Items listed in a dataset:
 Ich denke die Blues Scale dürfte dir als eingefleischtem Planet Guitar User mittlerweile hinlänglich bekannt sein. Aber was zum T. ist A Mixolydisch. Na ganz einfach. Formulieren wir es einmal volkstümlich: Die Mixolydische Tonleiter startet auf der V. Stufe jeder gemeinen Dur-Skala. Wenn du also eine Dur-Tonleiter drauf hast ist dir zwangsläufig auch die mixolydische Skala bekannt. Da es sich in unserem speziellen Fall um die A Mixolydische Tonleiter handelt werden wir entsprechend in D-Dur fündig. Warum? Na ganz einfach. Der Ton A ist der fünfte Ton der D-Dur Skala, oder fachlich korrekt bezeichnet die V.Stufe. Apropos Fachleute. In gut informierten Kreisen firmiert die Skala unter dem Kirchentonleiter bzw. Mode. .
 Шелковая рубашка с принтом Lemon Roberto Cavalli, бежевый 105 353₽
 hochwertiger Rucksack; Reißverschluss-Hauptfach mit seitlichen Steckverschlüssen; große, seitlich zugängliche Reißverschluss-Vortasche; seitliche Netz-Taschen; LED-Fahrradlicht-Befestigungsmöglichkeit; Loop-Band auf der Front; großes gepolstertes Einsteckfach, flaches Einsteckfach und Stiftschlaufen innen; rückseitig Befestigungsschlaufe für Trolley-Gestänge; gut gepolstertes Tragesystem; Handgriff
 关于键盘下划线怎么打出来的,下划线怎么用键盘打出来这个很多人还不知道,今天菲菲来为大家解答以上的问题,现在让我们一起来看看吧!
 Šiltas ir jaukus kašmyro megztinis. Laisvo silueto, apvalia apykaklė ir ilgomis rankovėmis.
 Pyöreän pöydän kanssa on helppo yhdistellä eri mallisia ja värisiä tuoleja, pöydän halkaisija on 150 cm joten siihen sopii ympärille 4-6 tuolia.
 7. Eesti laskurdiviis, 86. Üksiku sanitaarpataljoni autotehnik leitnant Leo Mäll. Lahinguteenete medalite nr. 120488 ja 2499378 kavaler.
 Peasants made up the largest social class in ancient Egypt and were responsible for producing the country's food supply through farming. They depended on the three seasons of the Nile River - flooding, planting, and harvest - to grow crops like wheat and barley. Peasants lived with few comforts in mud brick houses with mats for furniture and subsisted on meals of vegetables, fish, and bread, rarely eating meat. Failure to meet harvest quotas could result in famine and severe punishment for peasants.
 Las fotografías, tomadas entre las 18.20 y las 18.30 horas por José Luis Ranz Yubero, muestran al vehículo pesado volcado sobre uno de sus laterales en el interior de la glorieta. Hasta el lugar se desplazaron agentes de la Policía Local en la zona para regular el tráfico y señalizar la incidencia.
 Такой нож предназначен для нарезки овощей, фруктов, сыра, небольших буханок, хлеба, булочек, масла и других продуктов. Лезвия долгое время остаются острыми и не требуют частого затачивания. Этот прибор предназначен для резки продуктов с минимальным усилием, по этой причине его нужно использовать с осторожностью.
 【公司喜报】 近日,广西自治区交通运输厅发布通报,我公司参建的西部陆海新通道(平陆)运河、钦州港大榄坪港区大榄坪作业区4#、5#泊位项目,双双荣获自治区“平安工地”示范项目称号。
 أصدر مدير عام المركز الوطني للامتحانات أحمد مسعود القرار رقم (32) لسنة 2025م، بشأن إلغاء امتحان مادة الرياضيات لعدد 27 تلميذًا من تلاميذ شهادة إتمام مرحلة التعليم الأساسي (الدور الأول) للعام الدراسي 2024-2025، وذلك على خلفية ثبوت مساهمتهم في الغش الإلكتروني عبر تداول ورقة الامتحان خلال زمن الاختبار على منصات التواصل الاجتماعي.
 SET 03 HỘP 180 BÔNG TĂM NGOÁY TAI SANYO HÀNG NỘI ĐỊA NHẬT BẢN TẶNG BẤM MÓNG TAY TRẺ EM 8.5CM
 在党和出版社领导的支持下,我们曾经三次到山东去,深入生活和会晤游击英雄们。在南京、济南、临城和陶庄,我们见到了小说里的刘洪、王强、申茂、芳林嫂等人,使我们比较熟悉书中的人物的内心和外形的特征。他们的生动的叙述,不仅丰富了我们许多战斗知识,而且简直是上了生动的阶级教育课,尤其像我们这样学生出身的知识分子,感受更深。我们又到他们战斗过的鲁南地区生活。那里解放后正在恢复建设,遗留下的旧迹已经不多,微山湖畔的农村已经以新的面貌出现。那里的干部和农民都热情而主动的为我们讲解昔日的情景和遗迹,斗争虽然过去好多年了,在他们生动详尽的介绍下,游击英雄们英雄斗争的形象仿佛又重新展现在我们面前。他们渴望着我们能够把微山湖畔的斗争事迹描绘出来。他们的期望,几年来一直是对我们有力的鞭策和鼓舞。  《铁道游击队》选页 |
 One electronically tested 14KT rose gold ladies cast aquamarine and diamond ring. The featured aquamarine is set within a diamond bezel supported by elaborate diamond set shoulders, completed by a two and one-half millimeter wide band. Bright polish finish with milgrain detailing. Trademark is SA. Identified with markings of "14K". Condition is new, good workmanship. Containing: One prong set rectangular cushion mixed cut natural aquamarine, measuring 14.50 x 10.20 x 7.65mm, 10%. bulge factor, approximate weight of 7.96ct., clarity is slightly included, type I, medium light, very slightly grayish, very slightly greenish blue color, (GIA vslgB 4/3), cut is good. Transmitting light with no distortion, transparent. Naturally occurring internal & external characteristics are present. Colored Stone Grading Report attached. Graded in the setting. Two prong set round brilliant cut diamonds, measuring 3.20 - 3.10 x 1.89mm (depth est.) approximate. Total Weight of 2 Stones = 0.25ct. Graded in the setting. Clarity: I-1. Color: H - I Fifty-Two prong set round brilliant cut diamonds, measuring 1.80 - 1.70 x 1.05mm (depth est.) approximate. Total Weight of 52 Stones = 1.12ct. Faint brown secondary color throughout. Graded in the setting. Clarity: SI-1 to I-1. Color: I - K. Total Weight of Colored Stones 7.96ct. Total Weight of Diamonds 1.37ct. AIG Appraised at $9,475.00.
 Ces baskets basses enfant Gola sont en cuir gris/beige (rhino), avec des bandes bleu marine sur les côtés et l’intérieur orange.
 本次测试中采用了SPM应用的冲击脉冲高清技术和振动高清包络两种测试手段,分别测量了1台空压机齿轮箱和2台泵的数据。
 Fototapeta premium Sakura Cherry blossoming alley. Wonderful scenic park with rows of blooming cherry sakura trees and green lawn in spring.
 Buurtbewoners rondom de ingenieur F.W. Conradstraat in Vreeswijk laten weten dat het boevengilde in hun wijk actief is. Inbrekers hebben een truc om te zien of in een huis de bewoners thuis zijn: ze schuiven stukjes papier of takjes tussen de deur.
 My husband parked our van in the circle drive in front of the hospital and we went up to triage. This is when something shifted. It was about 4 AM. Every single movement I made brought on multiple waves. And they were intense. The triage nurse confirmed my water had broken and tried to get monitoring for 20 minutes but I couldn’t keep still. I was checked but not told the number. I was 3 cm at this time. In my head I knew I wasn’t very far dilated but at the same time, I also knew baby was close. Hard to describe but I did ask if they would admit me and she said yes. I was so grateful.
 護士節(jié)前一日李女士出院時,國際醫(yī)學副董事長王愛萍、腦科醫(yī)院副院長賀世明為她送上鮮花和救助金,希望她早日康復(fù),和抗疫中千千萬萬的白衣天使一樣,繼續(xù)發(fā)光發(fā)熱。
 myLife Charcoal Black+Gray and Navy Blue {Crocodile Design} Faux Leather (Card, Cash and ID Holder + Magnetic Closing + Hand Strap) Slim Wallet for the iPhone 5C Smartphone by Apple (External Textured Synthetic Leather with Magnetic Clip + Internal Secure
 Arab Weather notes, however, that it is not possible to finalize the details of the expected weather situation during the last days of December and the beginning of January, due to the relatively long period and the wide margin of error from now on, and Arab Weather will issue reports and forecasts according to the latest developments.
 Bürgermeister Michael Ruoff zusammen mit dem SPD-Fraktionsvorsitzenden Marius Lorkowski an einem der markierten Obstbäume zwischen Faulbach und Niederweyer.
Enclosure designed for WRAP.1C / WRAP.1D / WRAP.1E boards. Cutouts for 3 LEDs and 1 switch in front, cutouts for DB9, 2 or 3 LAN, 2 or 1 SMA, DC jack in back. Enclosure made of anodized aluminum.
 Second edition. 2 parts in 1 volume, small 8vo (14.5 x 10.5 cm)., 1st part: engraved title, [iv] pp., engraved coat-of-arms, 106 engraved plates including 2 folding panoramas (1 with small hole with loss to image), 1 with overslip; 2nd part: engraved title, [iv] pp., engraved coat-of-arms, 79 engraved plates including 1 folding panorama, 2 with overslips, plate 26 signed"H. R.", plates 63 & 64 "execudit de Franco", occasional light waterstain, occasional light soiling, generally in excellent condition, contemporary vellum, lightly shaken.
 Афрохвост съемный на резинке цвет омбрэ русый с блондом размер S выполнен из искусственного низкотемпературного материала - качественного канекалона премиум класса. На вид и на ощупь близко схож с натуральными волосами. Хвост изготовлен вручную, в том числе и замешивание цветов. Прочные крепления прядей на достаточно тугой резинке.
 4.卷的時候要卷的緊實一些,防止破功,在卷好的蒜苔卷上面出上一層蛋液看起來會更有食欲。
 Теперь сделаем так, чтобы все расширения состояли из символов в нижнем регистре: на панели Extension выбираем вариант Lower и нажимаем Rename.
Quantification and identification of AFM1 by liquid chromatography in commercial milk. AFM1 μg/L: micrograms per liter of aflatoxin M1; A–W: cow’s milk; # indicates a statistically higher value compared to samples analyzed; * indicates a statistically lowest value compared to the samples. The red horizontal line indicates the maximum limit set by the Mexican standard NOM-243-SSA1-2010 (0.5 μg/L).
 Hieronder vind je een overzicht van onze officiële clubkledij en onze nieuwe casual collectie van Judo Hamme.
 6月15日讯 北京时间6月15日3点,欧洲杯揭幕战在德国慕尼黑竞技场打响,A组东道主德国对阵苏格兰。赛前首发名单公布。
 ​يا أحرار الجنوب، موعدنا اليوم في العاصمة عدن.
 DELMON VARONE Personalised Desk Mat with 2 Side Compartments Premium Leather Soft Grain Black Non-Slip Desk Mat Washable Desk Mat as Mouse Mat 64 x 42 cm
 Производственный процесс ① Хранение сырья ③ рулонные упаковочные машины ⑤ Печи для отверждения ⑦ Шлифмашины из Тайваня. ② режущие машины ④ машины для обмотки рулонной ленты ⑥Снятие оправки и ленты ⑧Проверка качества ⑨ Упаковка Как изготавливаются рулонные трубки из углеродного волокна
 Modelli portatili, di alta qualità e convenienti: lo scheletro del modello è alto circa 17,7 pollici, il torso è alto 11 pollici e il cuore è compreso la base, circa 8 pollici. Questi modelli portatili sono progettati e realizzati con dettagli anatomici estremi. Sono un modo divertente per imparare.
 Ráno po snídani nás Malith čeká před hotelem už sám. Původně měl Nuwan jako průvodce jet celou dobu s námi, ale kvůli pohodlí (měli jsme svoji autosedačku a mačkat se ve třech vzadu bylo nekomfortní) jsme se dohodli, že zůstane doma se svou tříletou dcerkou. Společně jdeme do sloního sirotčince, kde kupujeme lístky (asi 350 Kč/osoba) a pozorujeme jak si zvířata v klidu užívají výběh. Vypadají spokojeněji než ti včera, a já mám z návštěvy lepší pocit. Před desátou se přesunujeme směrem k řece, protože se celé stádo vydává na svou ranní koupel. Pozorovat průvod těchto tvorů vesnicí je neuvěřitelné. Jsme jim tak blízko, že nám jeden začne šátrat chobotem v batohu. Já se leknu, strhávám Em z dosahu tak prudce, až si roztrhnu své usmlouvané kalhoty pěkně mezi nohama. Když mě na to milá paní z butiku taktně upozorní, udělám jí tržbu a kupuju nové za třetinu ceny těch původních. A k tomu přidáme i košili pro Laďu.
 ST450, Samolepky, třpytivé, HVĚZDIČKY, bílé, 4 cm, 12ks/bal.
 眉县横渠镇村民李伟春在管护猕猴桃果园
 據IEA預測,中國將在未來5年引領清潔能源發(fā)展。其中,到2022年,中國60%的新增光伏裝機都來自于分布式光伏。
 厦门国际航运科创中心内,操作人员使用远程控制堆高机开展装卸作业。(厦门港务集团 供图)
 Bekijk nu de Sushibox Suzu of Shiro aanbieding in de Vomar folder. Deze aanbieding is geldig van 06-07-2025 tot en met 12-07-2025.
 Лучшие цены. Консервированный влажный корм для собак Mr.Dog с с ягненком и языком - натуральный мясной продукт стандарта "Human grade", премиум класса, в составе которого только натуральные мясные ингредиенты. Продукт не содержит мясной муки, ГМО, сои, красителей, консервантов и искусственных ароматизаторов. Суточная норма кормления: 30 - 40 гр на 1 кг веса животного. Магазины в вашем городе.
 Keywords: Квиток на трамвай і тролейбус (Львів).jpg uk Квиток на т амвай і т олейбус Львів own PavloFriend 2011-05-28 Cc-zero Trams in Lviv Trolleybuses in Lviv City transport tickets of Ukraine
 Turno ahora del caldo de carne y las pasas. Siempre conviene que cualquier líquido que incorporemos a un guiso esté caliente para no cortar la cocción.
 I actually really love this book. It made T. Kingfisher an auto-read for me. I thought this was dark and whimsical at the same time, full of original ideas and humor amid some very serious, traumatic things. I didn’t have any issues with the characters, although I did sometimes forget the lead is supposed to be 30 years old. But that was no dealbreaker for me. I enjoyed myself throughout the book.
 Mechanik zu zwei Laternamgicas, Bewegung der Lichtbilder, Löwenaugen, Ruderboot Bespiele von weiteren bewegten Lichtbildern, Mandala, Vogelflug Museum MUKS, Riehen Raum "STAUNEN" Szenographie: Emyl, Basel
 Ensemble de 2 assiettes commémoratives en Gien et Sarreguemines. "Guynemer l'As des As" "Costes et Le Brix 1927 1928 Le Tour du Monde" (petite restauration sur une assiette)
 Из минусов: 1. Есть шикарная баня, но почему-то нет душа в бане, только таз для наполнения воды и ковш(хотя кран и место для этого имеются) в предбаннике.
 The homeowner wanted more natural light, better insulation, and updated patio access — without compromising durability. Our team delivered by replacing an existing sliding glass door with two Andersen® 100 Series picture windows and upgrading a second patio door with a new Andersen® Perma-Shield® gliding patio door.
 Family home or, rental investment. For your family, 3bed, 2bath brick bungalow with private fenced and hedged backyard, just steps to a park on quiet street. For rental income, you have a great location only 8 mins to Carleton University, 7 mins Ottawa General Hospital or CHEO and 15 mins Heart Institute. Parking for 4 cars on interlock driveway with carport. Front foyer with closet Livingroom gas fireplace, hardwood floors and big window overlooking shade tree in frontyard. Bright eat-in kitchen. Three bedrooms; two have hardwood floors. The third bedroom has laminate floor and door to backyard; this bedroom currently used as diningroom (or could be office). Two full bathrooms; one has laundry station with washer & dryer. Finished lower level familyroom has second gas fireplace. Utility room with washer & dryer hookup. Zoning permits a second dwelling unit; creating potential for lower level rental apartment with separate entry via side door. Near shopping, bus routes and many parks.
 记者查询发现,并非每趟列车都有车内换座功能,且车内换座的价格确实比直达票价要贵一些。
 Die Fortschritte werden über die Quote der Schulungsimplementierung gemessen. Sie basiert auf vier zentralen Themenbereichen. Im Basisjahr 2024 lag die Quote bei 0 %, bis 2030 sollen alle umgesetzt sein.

Activity: Print, from the entries above, the line with "Second edition. 2", the line with "Теперь сделаем так, чтобы" and all lines between them, exactly and with nothing else.

Answer for the task:
 Second edition. 2 parts in 1 volume, small 8vo (14.5 x 10.5 cm)., 1st part: engraved title, [iv] pp., engraved coat-of-arms, 106 engraved plates including 2 folding panoramas (1 with small hole with loss to image), 1 with overslip; 2nd part: engraved title, [iv] pp., engraved coat-of-arms, 79 engraved plates including 1 folding panorama, 2 with overslips, plate 26 signed"H. R.", plates 63 & 64 "execudit de Franco", occasional light waterstain, occasional light soiling, generally in excellent condition, contemporary vellum, lightly shaken.
 Афрохвост съемный на резинке цвет омбрэ русый с блондом размер S выполнен из искусственного низкотемпературного материала - качественного канекалона премиум класса. На вид и на ощупь близко схож с натуральными волосами. Хвост изготовлен вручную, в том числе и замешивание цветов. Прочные крепления прядей на достаточно тугой резинке.
 4.卷的時候要卷的緊實一些,防止破功,在卷好的蒜苔卷上面出上一層蛋液看起來會更有食欲。
 Теперь сделаем так, чтобы все расширения состояли из символов в нижнем регистре: на панели Extension выбираем вариант Lower и нажимаем Rename.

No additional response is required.